Objective To investigate the effects of esketamine on hypoxic-ischemic myocardial injury in neonatal rats based on glycogen synthase kinase-3β/NOD-like receptor thermal protein domain-containing protein 3 (GSK-3β/NLRP3) pathway.
Methods Thirty neonatal rats were randomly divided into sham operation group, model group and esketamine group, with 10 rats in each group. The rats in the sham operation group underwent a median incision in the neck to expose the bilateral common carotid arteries; the rats in the model group and the esketamine group underwent ligation of the common carotid arteries combined with a hypoxic environment to establish a model ofischemia and hypoxia; the rats in the esketamine group were given esketamine intervention (50 mg/kg). Left ventricular ejection fraction (LVEF), left ventricular fractional shortening (LVFS), left ventricular end-diastolic diameter (LVEDD), left ventricular end-systolic diameter (LVESD), serum creatine kinase isoenzyme (CK-MB), cardiac troponin I (cTnI), lactate dehydrogenase (LDH), tumor necrosis factor-α (TNF-α), interleukin (IL)-6 and IL-1β levels, myocardial injury, myocardial cell apoptosis and apoptosis protein caspase 1/3/9 levels, neutrophil infiltration in myocardial tissue, and changes in GSK-3β and NLRP3 protein levels in myocardial tissue were detected in each group.
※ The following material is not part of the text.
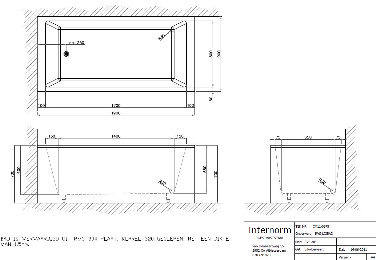 RVS ligbad. Ook in iedere gewenste maat leverbaar. Met of zonder panelen

Results Compared with the sham operation group, the LVEF and LVFS were significantly decreased and the LVEDD and LVESD were significantly increased in the model group, while the LVEF and LVFS were significantly higher and the LVEDD and LVESD were significantly lower in the esketamine group than in the model group (P < 0.05). The serum levels of CK-MB, cTnI, LDH, TNF-α, IL-6, IL-1β, myocardial injury and apoptosis, caspase 1/3/9 protein levels in myocardial tissue sections, neutrophil counts, and GSK-3β and NLRP3 protein levels were significantly increased in the model group, and these indicators were significantly lower in the esketamine group than in the model group (P < 0.05).
Conclusion Esketamine improves hypoxic-ischemic myocardial injury in neonatal rats by inhibiting inflammation, and its mechanism of action is related to the GSK-3β/NLRP3 pathway.